> What the exercise asks
Shown below are entries with pictures; the line with "Una mesa, adosada" through the line with "松島高架橋 床版下面 コンクリートの剥離" is the span to retype exactly, and the pictures stay out.

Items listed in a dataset
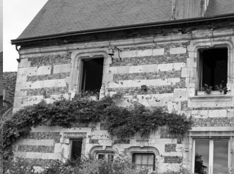
Les ancienne baies (vue proche)
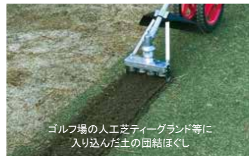
ゴルフ場の人工芝ティーグラウンド等に 入り込んだ土の団結ほぐし
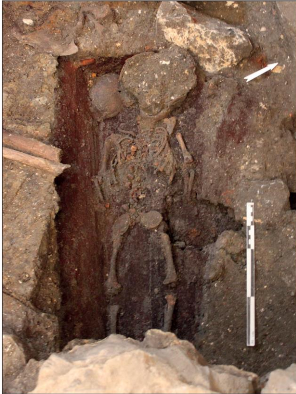
Fig. 7. Ossuaire n° 5, individu immature inhumé en cercueil.
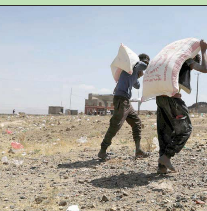
يمنيون يحملون مساعدات إغاثية في صنعاء
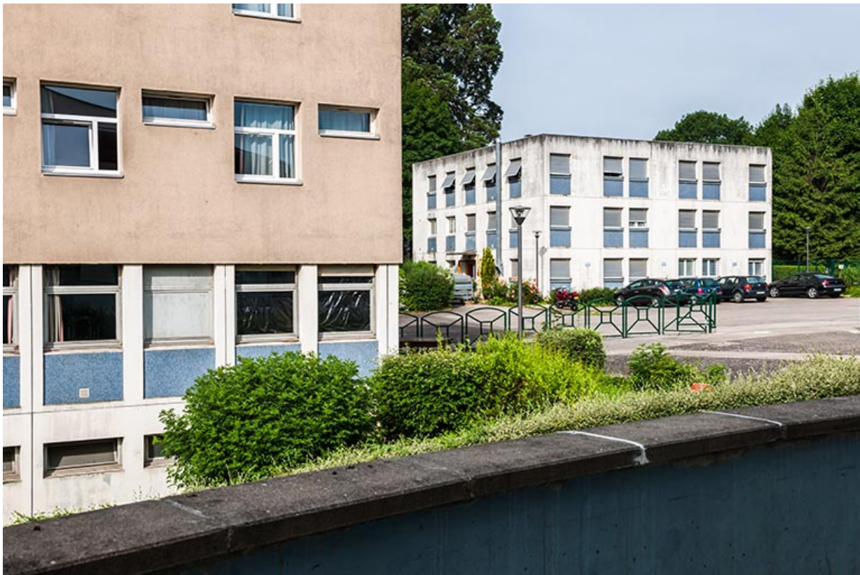
Angle nord de l'internat-restauration et vue sur les logements.
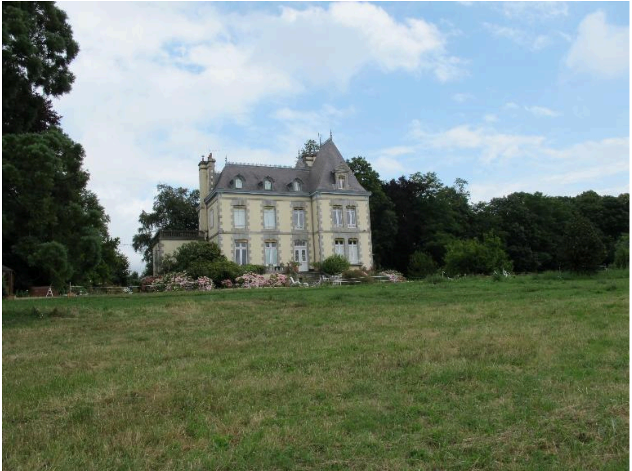
Villa-Château construite en 1884 par A. Jousseaume
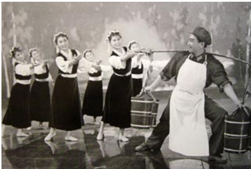
▲ Framføring av klesvaskesangen i Beijing i 1975

Påvirkningen er spesielt farlig for den nye generasjonen tibetanere som ikke har erfart grusomhetene under den kinesiske invasjon og okkupasjon i Tibet i 1950-årene eller Kulturrevolusjonens daglige redsler. De blir fremdeles kontinuerlig bombardert med kommunistpartiets versjon av historien. De ser Mao som en velgjørende leder som forente Kina og "frigjorde" Tibet fra "føydalherrene". Jeg har hatt noen smertefulle og opphetede debatter med venner som nylig har flyktet fra Tibet. De klandrer tibetanske aristokrater og klostersonner for å lede en sosial orden så korrumpert og undertrykkende at det på en måte berettiger en
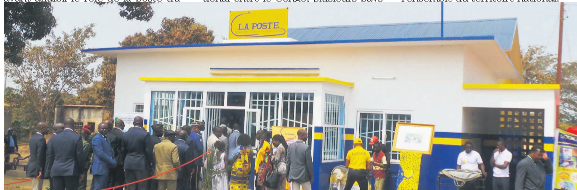
Inauguration du bureau de Poste de Madingou, dans la Bouenza

société Prodit. Il consiste à mettre en place un système d'information qui permettra de gérer tous les services et produits postaux en temps réel sur l'ensemble du territoire national.
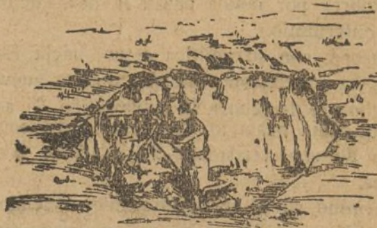
APROVECHAMIENTO DEL TERRENO

Una mesa, adosada a un muro. La aspillera abierta en éste se cubre con un escudo metálico y sacos terreros. En los poblados se obtendrán buenos asentamientos de armas automáticas, en las cubiertas de las casas, quitando una teja. Se aprovecharán lugares dominantes y que el enemigo no pueda sospechar siquiera, para obtener el efecto "instantáneo" y por "sorpresa" de estas armas.
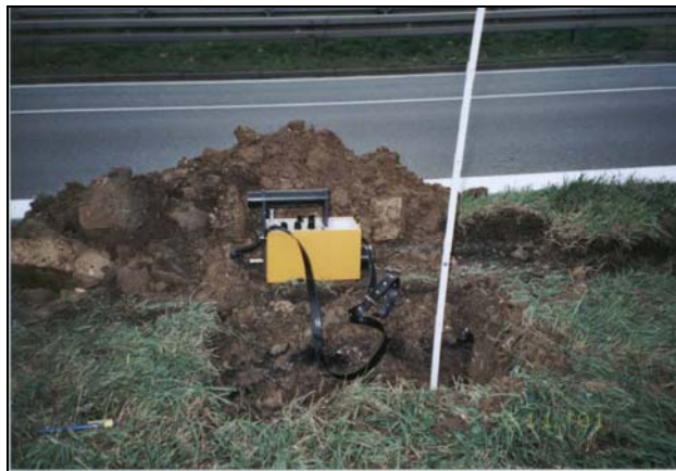
Schürfe zur Probennahme und ODL-Meßgerät
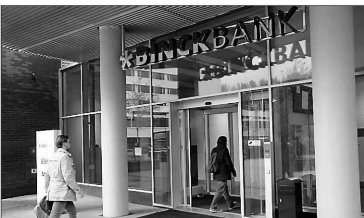
• Binck zou nog een malafide vermogensadviseur hebben gefaciliteerd.

Het nieuwe beleggings-schandaal, waarbij enkele bekende Nederlanders zouden zijn gedupeerd, vertoont veel overeenkomsten met de fraude waarvoor beleggingsadviseur Rob van den B. uit Gemert begin deze maand werd gearresteerd. Van den B. wordt verdacht van een miljoenenfraude, waarbij hij vermogende particulieren €9 miljoen ontfoetselde door torenhoge rendementen te betalen uit de inleg van andere beleggers. Hij gebruikte hiervoor even-
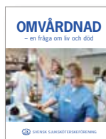
Omvårdnad – en fråga om liv och död
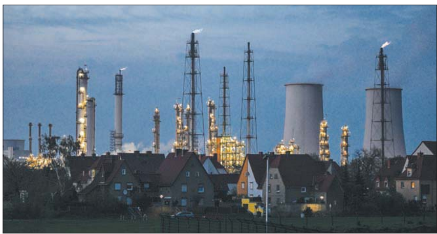
مصفاة نفط ليونا التابعة لشركة «توتال» بالقرب من سبيرجوا شرق ألمانيا

ولا تتوقع ألمانيا الاستغناء عن الغاز الروسي قبل منتصف 2024. وقالت وزارة الطاقة الألمانية، إن ألمانيا ستحتاج إلى 1,2 مليار متر مكعب من الغاز الطبيعي الإضافي لتعويض النقص في الإمدادات الروسية. وقالت الوزارة: «تجب تهيئة عدد من الظروف لهذا التحول: من الضروري الحصول على واردات عبر الموانئ، ونقل المنتجات النفطية على متن شاحنات وقطارات»، مؤكدة أن الشركات والحكومة الألمانية تعمل بجهد كبير لتهيئة هذه الظروف. وبسبب الهجوم الروسي على أوكرانيا، قرر الاتحاد الأوروبي حظر واردات الفحم الروسي. وهناك أيضاً نقاش مستمر حول
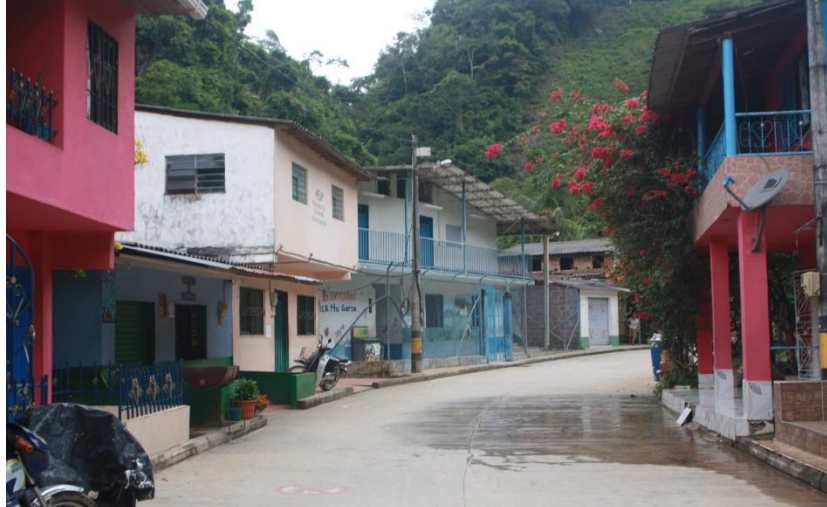
Figura 3. Pueblo puerto Garza noviembre 2017

Nota: Fuente: equipo de investigación USB
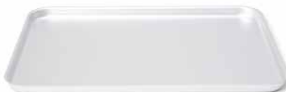
08939 Bakplaat 42 x 30 cm - 14 5/8 x 10 5/8" Plaque à pâtisserie Backblech Jelly roll pan
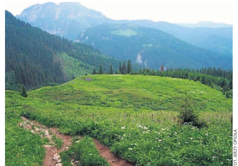
Żleb pod Wyranki
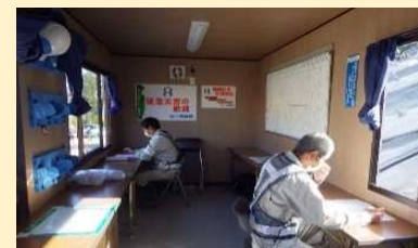
現場事務所での対人間隔の確保と換気
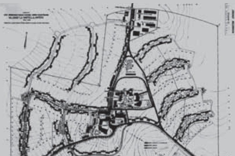
Fig. 2 - Villaggio La Martella. Planimetria generale.
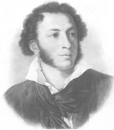
Александр Сергеевич Пушкин (1799–1837)
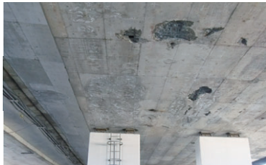
松島高架橋 床版下面 コンクリートの剥離

阪和自動車道 和歌山北IC～和歌山南SIC間は、1974年(昭和49年)の開通から約50年が経過しています。当該区間の橋梁は、コンクリートの材料として用いる骨材にやむなく海砂を使用したことで、塩害による著しい損傷が発生しています。また、モータリゼーションの発展に伴い大型車の交通量が増加するとともに、規制緩和により車両の総重量が増加する傾向にあり、過酷な環境に置かれています。これまでも定期的に点検を行いながら部分的な補修・補強を繰り返してきましたが、構造物の長期的な安全性や耐久性の確保が困難になりつつあります。そこで、既設橋を撤去し、新たに橋を架け替える抜本的なリニューアル工事を行うことにより、これまでより耐久性のある安全・安心な道路へと生まれ変わります。
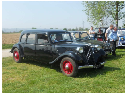
11 Familiale 1939
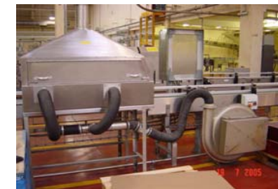
ΜΠΟΥΚΑΛΙΑ - ΚΟΝΣΕΡΒΕΣ - ΒΑΖΑ - ΠΛΑΣΤΙΚΑ ΔΟΧΕΙΑ ΜΕΤΑ ΤΟ ΠΛΥΣΙΜΟ / ΓΕΜΙΣΜΑ ΠΡΙΝ ΤΗΝ ΕΚΤΥΠΩΣΗ / ΕΤΙΚΕΤΑ
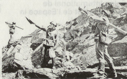
Bild 6. Boden-Luft-Flugkörper Sa-7 (Grail) – Ausbildung im Gebirge. Der Abschuss erfolgt von der Schulter. Maximale Höhe bis 3000 m, Geschwindigkeit Mach 0,7. Einsatz nur gegen langsam fliegende Flugziele und Hubschrauber.

Die grosse Abhängigkeit vom Gelände bedingt, dass es verschiedene Gliederungsformen für Kompanien und Bataillone gibt. Wichtig allein ist die Fähigkeit, den Abschnitt vollständig mit Feuer zu belegen . Jeder Punkt muss von mehr als einer Stelle wirksam unter Feuer genommen werden können. Grundsätzlich sind alle Stützpunkte zur Rundumverteidigung vorzubereiten. Zwischenräume und Lük-
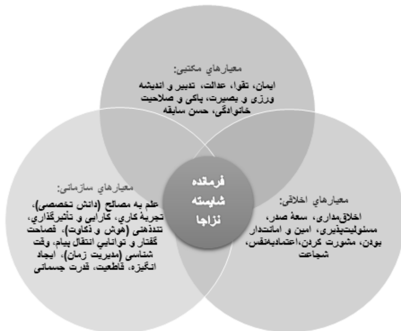
شکل شماره ۲: معیارهای شایسته‌گزینی فرماندهان نزاجا با تمرکز بر آموزه‌های نهج‌البلاغه

> Task result
Una mesa, adosada a un muro. La aspillera abierta en éste se cubre con un escudo metálico y sacos terreros. En los poblados se obtendrán buenos asentamientos de armas automáticas, en las cubiertas de las casas, quitando una teja. Se aprovecharán lugares dominantes y que el enemigo no pueda sospechar siquiera, para obtener el efecto "instantáneo" y por "sorpresa" de estas armas.
Schürfe zur Probennahme und ODL-Meßgerät
• Binck zou nog een malafide vermogensadviseur hebben gefaciliteerd.

Het nieuwe beleggings-schandaal, waarbij enkele bekende Nederlanders zouden zijn gedupeerd, vertoont veel overeenkomsten met de fraude waarvoor beleggingsadviseur Rob van den B. uit Gemert begin deze maand werd gearresteerd. Van den B. wordt verdacht van een miljoenenfraude, waarbij hij vermogende particulieren €9 miljoen ontfoetselde door torenhoge rendementen te betalen uit de inleg van andere beleggers. Hij gebruikte hiervoor even-
Omvårdnad – en fråga om liv och död
مصفاة نفط ليونا التابعة لشركة «توتال» بالقرب من سبيرجوا شرق ألمانيا

ولا تتوقع ألمانيا الاستغناء عن الغاز الروسي قبل منتصف 2024. وقالت وزارة الطاقة الألمانية، إن ألمانيا ستحتاج إلى 1,2 مليار متر مكعب من الغاز الطبيعي الإضافي لتعويض النقص في الإمدادات الروسية. وقالت الوزارة: «تجب تهيئة عدد من الظروف لهذا التحول: من الضروري الحصول على واردات عبر الموانئ، ونقل المنتجات النفطية على متن شاحنات وقطارات»، مؤكدة أن الشركات والحكومة الألمانية تعمل بجهد كبير لتهيئة هذه الظروف. وبسبب الهجوم الروسي على أوكرانيا، قرر الاتحاد الأوروبي حظر واردات الفحم الروسي. وهناك أيضاً نقاش مستمر حول
Figura 3. Pueblo puerto Garza noviembre 2017

Nota: Fuente: equipo de investigación USB
08939 Bakplaat 42 x 30 cm - 14 5/8 x 10 5/8" Plaque à pâtisserie Backblech Jelly roll pan
Żleb pod Wyranki
現場事務所での対人間隔の確保と換気
Fig. 2 - Villaggio La Martella. Planimetria generale.
Александр Сергеевич Пушкин (1799–1837)
松島高架橋 床版下面 コンクリートの剥離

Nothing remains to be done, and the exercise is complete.